A Letter to Judge O’Toole

Dear George,

I know it is right and proper that I address you as “Your Honor” but I looked up the definition of the word today and now I have a problem.

Honor, according to the dictionary, means “high respect, esteem” as well as “honesty, fairness, or integrity in one’s beliefs and actions: a man of honor.”

In light of those definitions and the recent charade of a trial for Dzhokhar Tsarnaev, over which you presided, I believe you can understand my dilemma.

I have zero expectation that you will ever read what I write today. If I thought you might, I wouldn’t change a single word however, for I do not esteem you, nor do I believe you to be a man who acts with honesty, fairness or anything remotely resembling integrity.

In an extreme display of hubris, you refused, not once, but three times to allow the trial of Dzhokhar Tsarnaev to be moved in order to give the accused a chance of fairness and justice before the law. Shame on you!

Do you know what the Bible has to say about pride? It goes before a fall. Expect it, George. The fall will come. It matters not whether you believe.

I also took it upon myself to research the oath of judges:

“I, George A. O’Toole Jr., do solemnly swear (or affirm) that I will administer justice without respect to persons, and do equal right to the poor and to the rich, and that I will faithfully and impartially discharge and perform all the duties incumbent upon me as _____ under the Constitution and laws of the United States. So help me God.”

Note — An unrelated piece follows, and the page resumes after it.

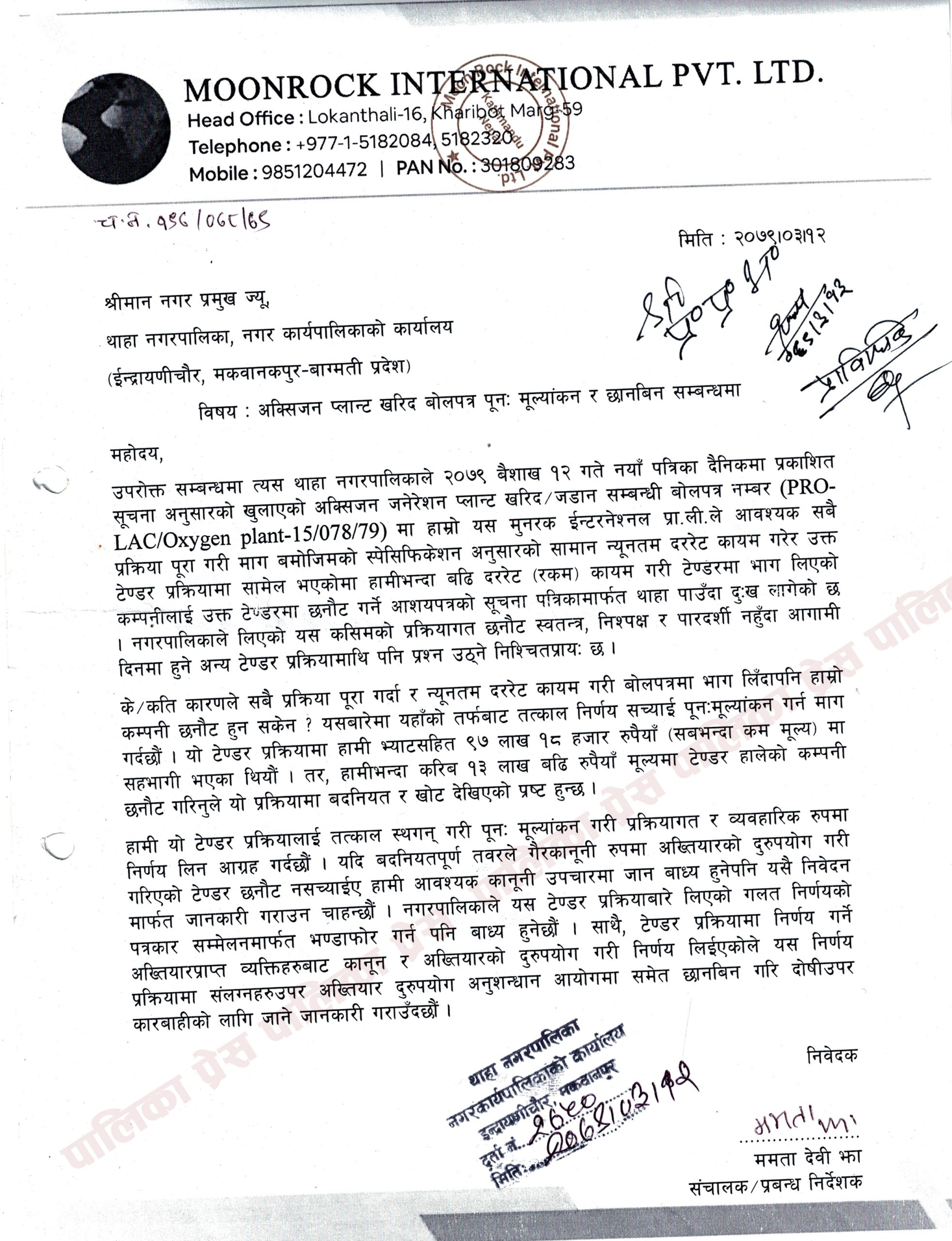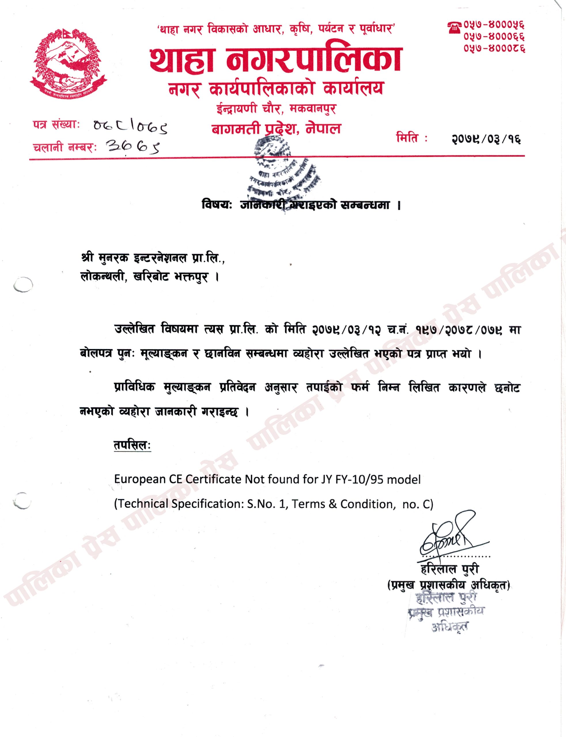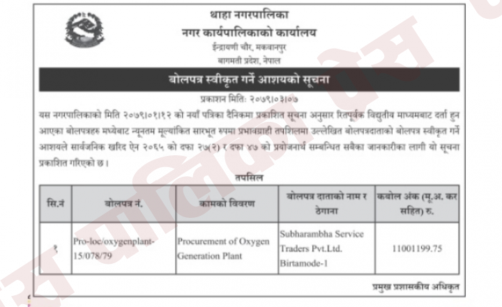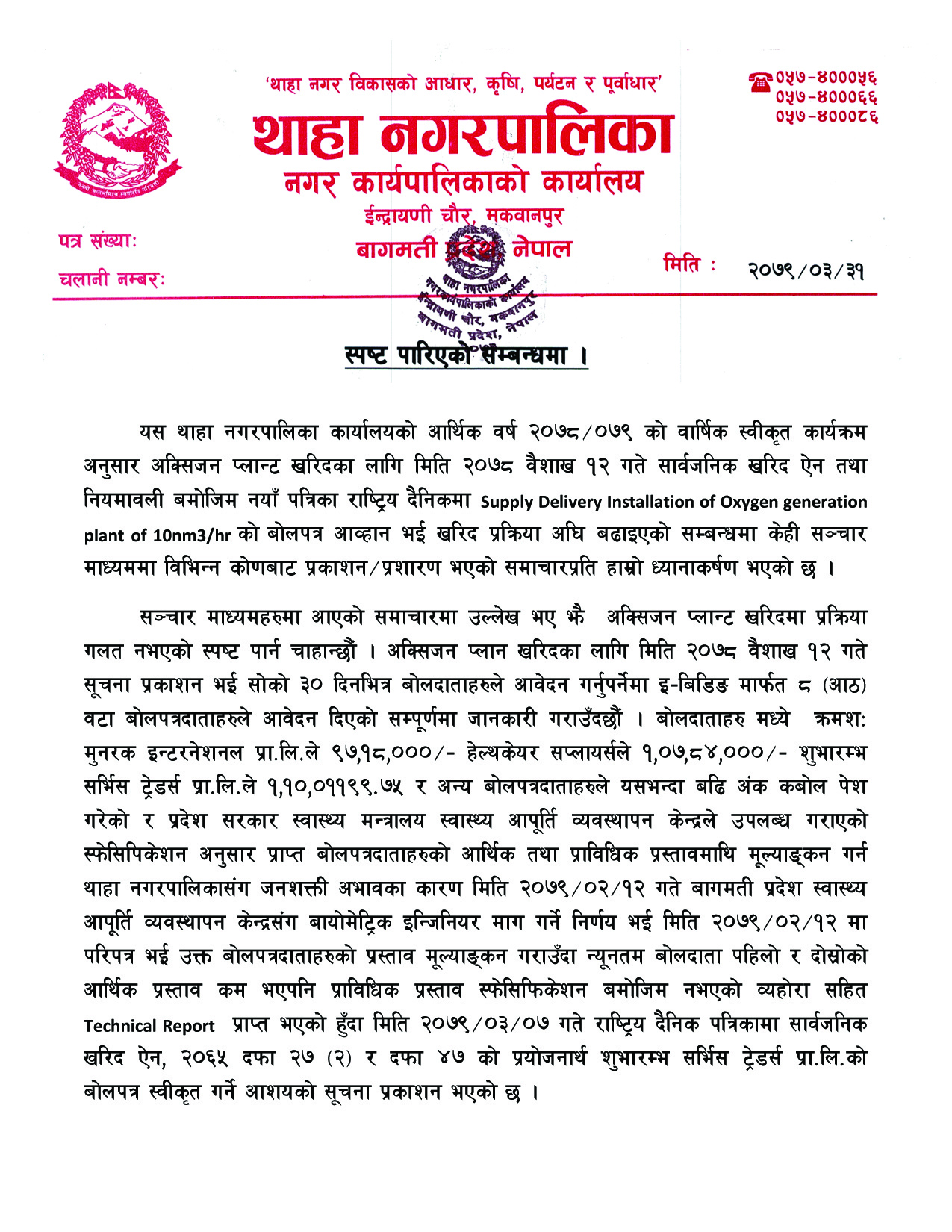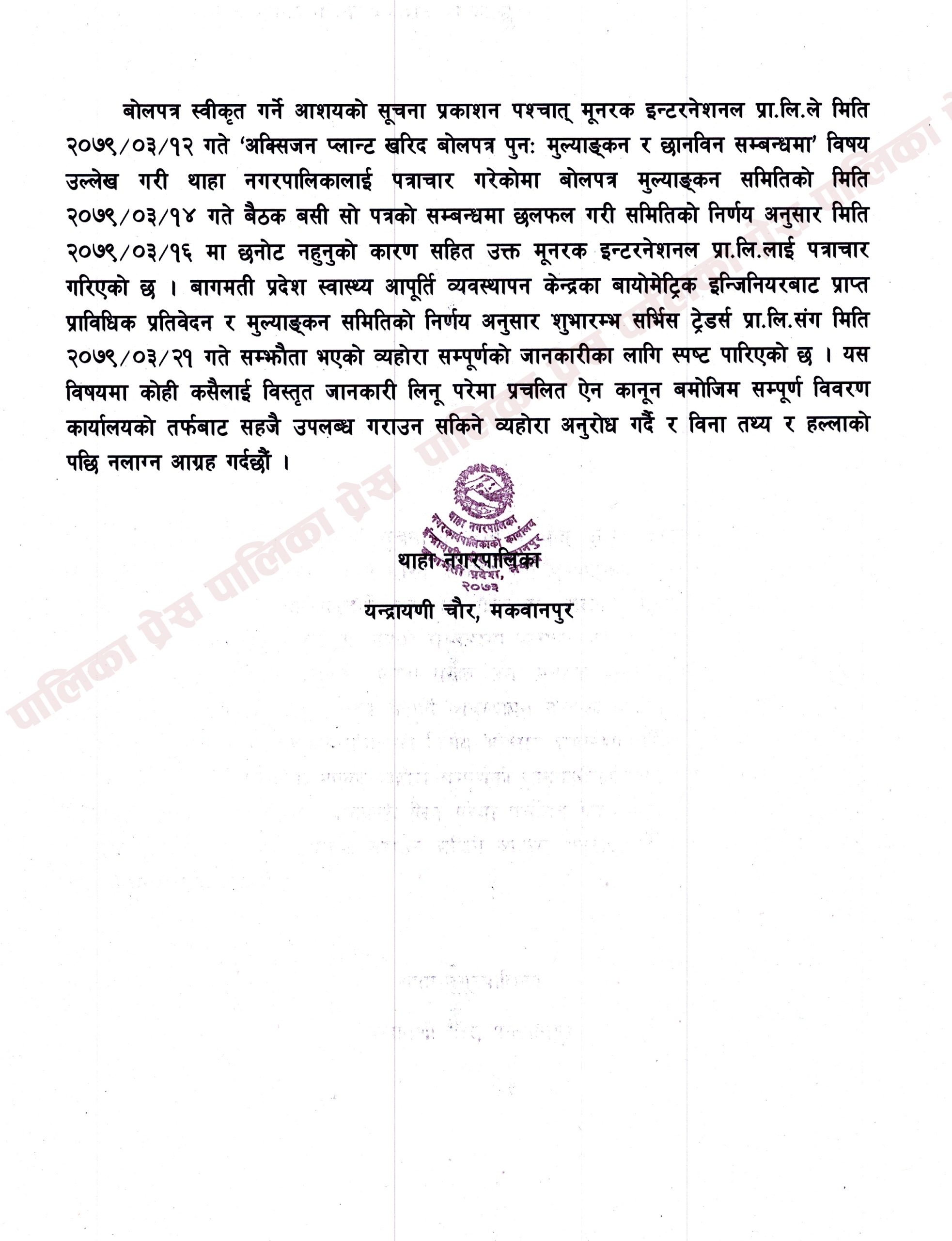 थाहा नगरपालिकाले १२ वैशाखमा सूचना प्रकाशन गरी बोलपत्र आव्हान गरेको थियो । पालिकाले सार्वजनिक खरिद ऐन तथा नियमावली बमोजिम खरिद प्रक्रिया अवलम्बन गरिएको बताउँदै प्रकाशित समाचारहरुप्रति ध्यानाकर्षण भएको जनाएको छ । थाहा नगरपालिकाले आफ्नो वेभसाइट मार्फत ३१ असारमा सूचना प्रकाशन गरी स्पष्ट पारेको हो ।

In this, sir, you have failed miserably. With unbridled zeal to wield power over and exact vengeance upon the one accused of the bombing of the Boston Marathon, you have acted to ensure your legacy with this trial. I am quite certain, however, that you will be remembered in a way that will not please you.

You have shown yourself to be incapable of impartiality. To this day, in regard to this trial, you continue to behave as if you are above the laws of this country.

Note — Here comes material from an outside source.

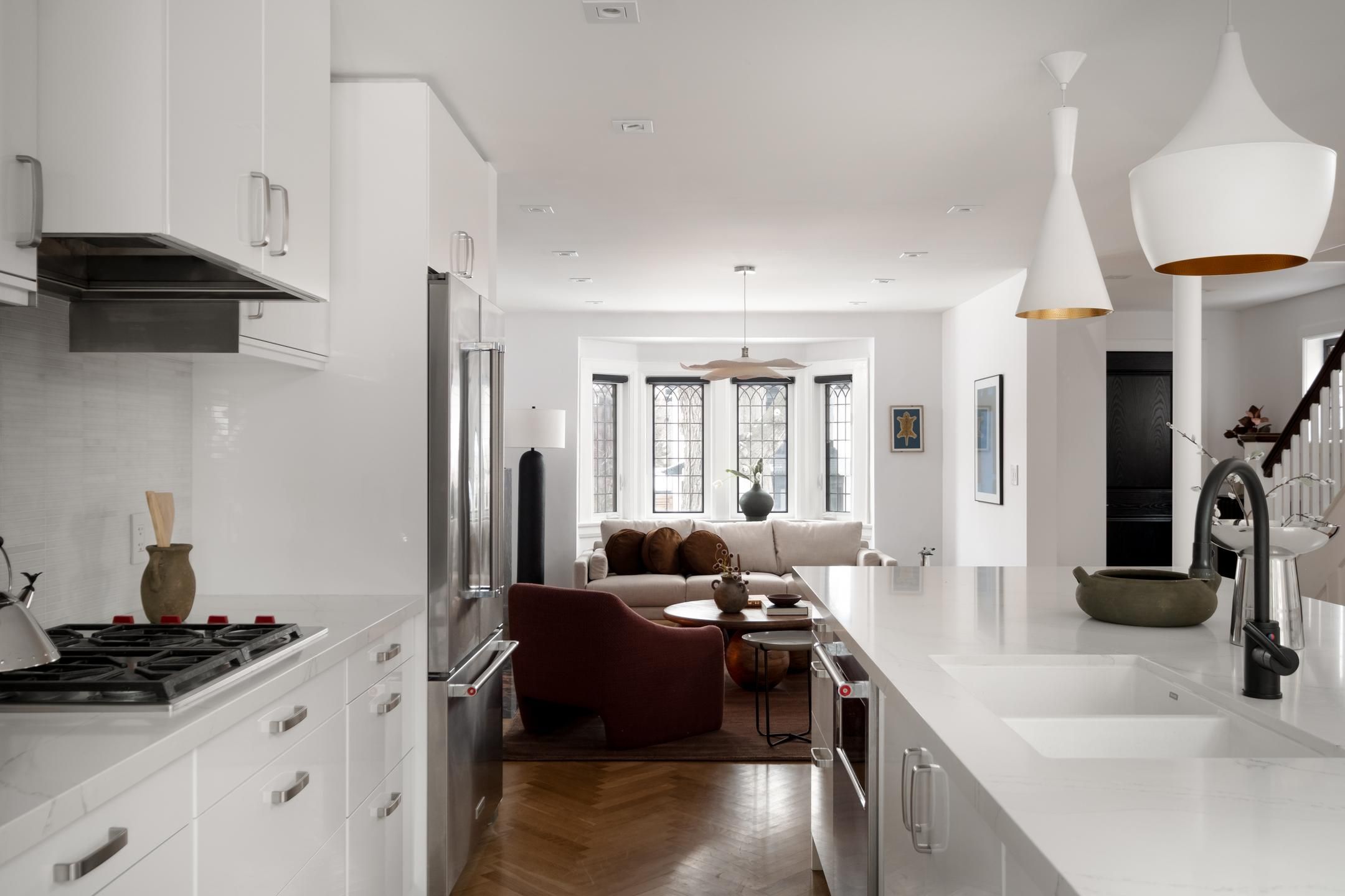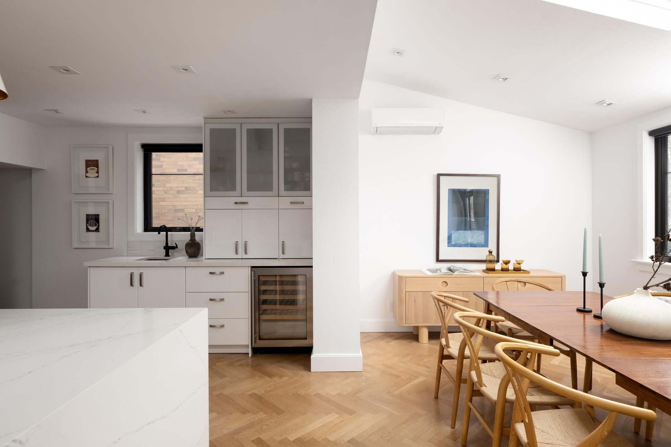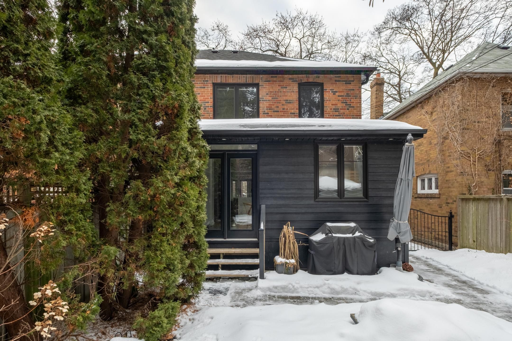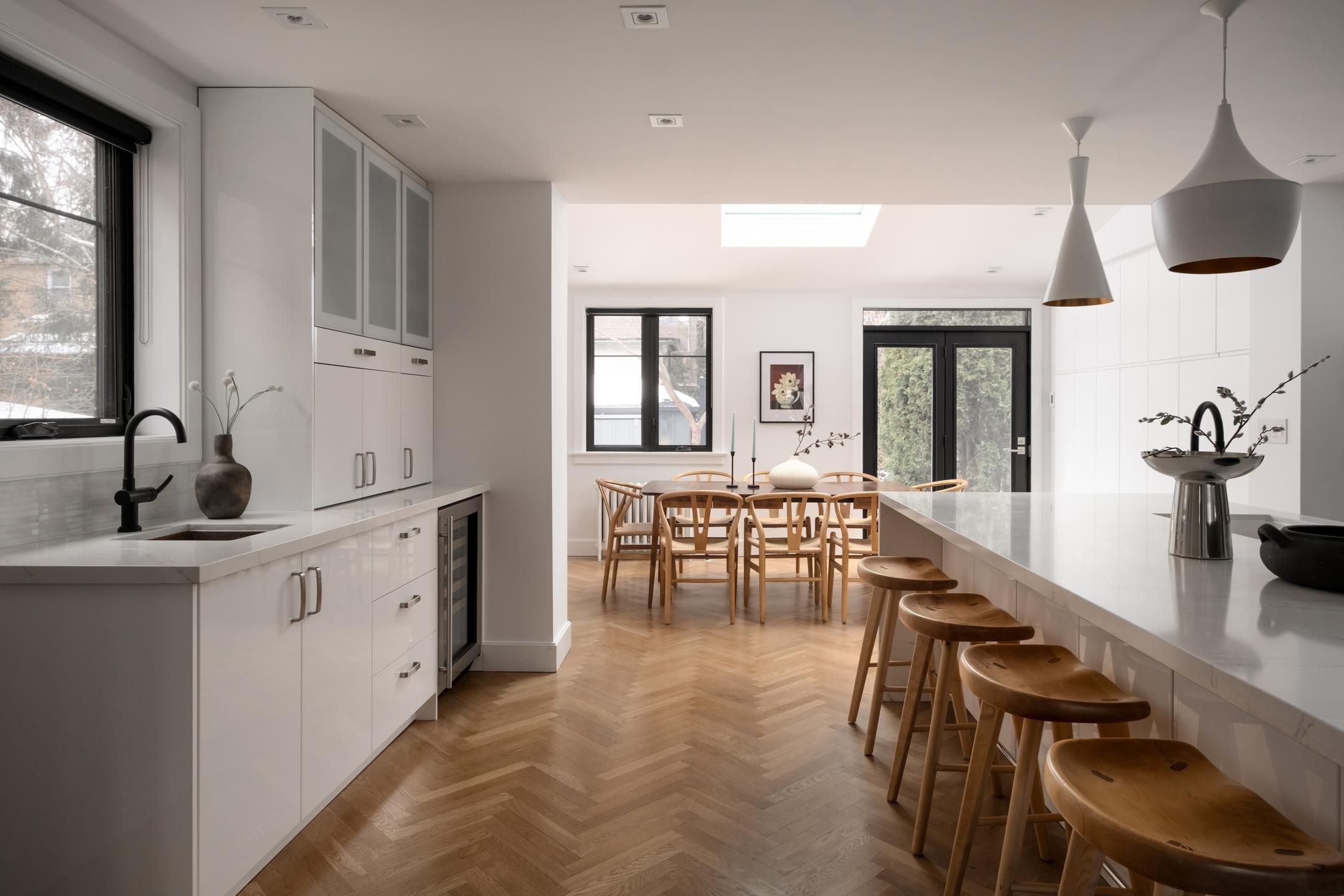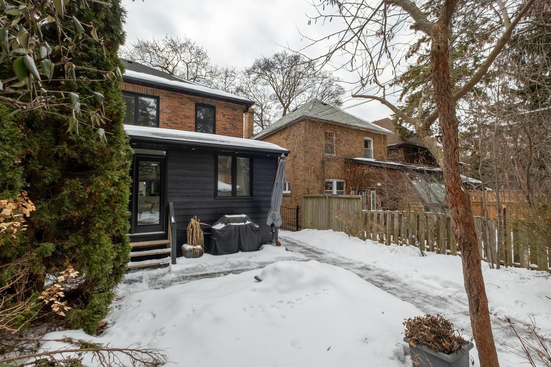 Vibey verbena! Fully rebuilt in 2017 and taken right down to the studs, this is the kind of home that quietly flexes. Exceptionally wide for a semi and fully soundproofed and insulated, it lives more like a detached - bright, composed, and beautifully considered from every angle. The main floor sets the tone: 9' ceilings, solid white oak herringbone flooring, and a custom grigio carnico marble fireplace anchoring the space with understated drama. Expansive windows and a 4' square skylight pull natural light deep into the home, creating that rare balance of gallery-modern and heritage warmth. A kitchen designed to perform, featuring a 10' quartz waterfall island, premium wolf cooktop, full kitchenaid appliance suite, u-line wine fridge, and a bespoke entertainment bar with imported copper sink make hosting effortless - whether it's espresso at sunrise or wine after dark. The second floor continues the elevated feel with plank white oak floors, heated italian porcelain bathroom floors, heated towel racks, and curated lighting moments - including a george nelson saucer lamp that feels like functional art. Every detail was considered, including the unsexy upgrades that make everyday living exceptional: new plumbing, widened city water line, new wiring, insulation between walls and floors for sound separation, and an owned furnace and water heater. Outside, the extra-wide lot delivers a lush, professionally landscaped backyard oasis with fieldstone patio, natural gas bbq hookup, led eaves lighting, locking iron gate, and a south-facing 3-car private drive pre-wired for ev charging. Set within coveted swansea and steps to bloor west village, jane subway, old mill ravine and top-rated schools, this is turnkey living with architectural integrity and modern ease. Stripped back. Built bold. Move-in ready. 20 verbena isn't just renovated - it's reimagined.

Your actions remind me of a movie I once saw. “Dangerous Liaisons” is a story of unprincipled acts of immorality, treachery, deceit and intrigue set in pre-Revolutionary Paris. Lives are destroyed by the self-serving actions of two rich and powerful players.  

You may find the character played by Glenn Close to be of special interest. When her treachery done in secret is revealed, the fall from grace is spectacular. I offer the final two scenes in closing for they are more powerful than anything else I could say.

3 thoughts on “A Letter to Judge O’Toole”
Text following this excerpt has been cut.